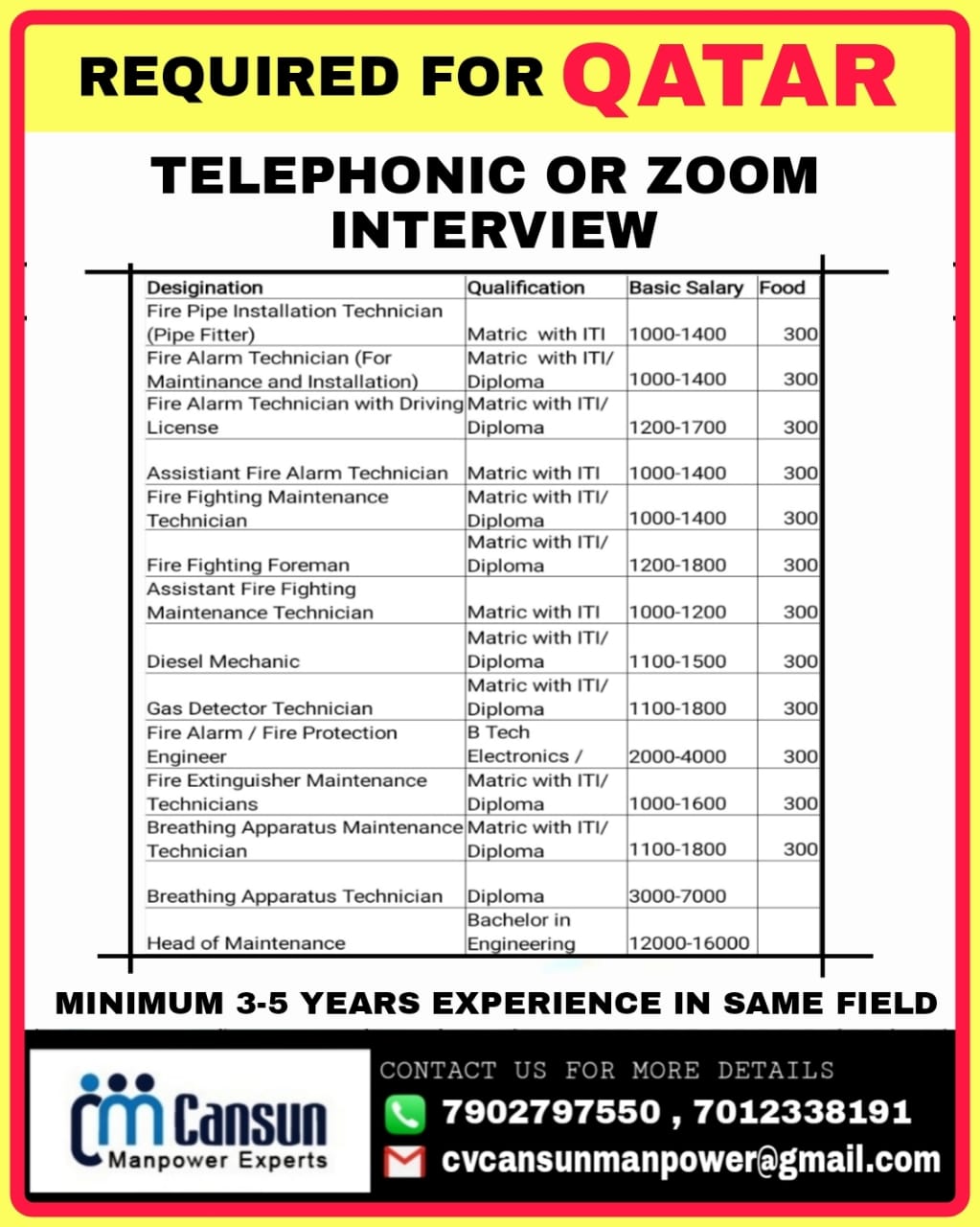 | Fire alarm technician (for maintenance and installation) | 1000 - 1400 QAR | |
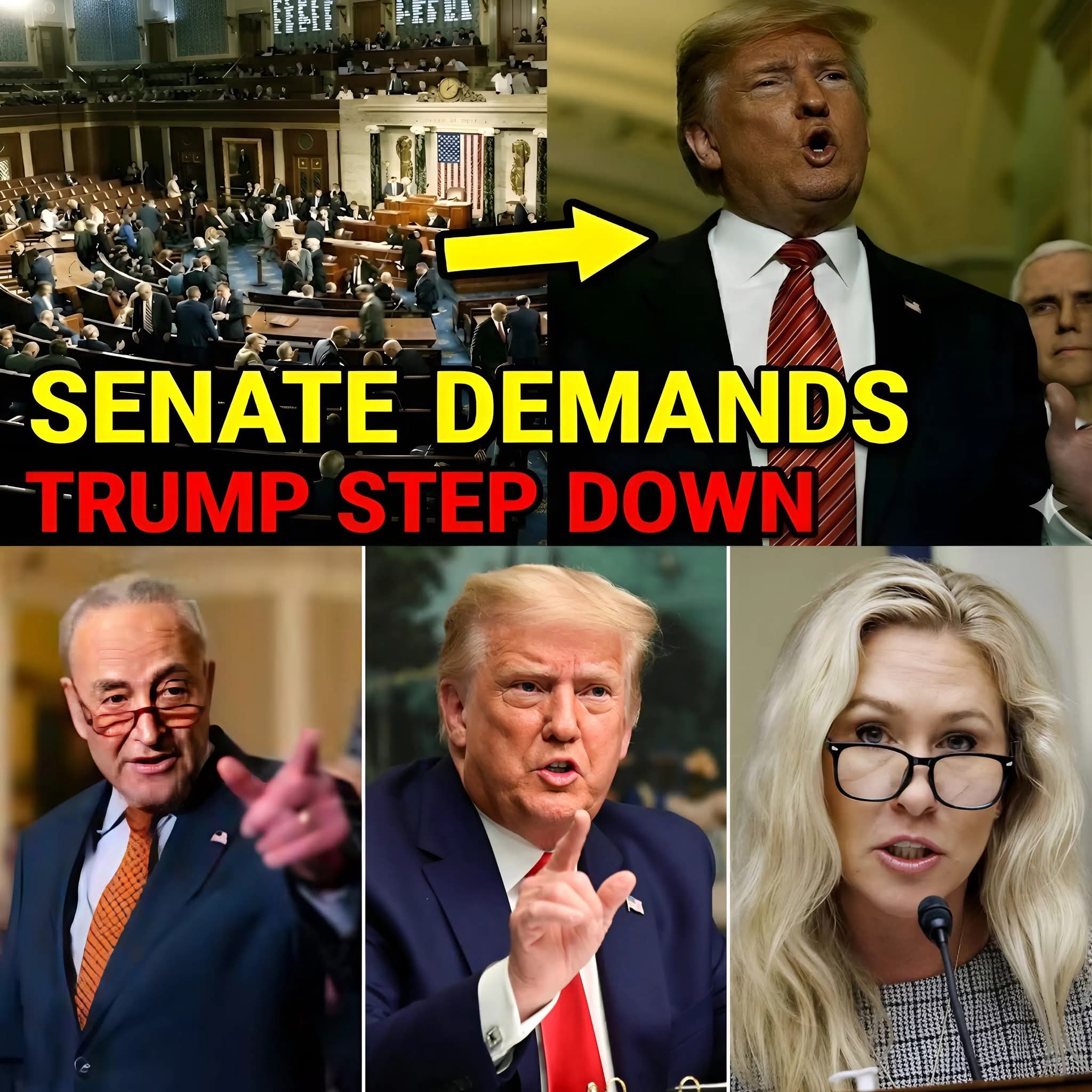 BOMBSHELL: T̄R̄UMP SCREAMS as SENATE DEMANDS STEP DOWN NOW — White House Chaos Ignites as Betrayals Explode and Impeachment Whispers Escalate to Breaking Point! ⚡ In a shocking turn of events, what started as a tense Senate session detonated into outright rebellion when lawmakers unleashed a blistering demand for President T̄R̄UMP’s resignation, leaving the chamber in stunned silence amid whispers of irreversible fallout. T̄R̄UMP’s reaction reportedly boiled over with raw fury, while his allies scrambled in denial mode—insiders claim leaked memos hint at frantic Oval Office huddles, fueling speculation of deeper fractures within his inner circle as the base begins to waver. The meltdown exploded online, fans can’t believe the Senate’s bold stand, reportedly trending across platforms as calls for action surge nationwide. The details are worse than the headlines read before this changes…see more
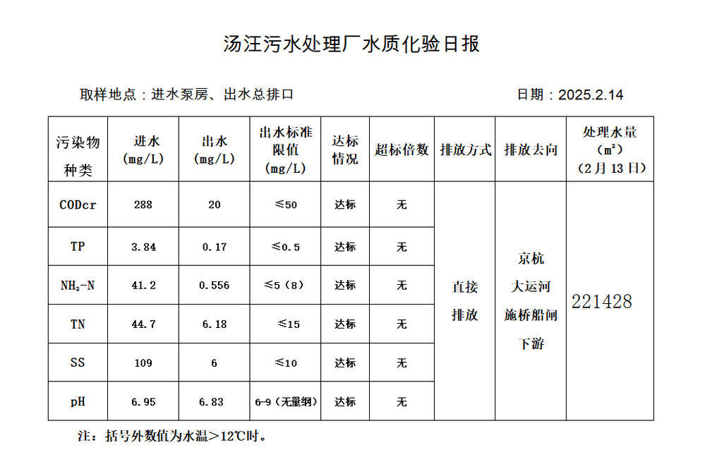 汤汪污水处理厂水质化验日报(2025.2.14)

* * * * *

▸ **Activity**
Pictures stay out. Write out everything else in the material exactly.

▸ **Task answer**
 | Fire alarm technician (for maintenance and installation) | 1000 - 1400 QAR | |
 BOMBSHELL: T̄R̄UMP SCREAMS as SENATE DEMANDS STEP DOWN NOW — White House Chaos Ignites as Betrayals Explode and Impeachment Whispers Escalate to Breaking Point! ⚡ In a shocking turn of events, what started as a tense Senate session detonated into outright rebellion when lawmakers unleashed a blistering demand for President T̄R̄UMP’s resignation, leaving the chamber in stunned silence amid whispers of irreversible fallout. T̄R̄UMP’s reaction reportedly boiled over with raw fury, while his allies scrambled in denial mode—insiders claim leaked memos hint at frantic Oval Office huddles, fueling speculation of deeper fractures within his inner circle as the base begins to waver. The meltdown exploded online, fans can’t believe the Senate’s bold stand, reportedly trending across platforms as calls for action surge nationwide. The details are worse than the headlines read before this changes…see more
 汤汪污水处理厂水质化验日报(2025.2.14)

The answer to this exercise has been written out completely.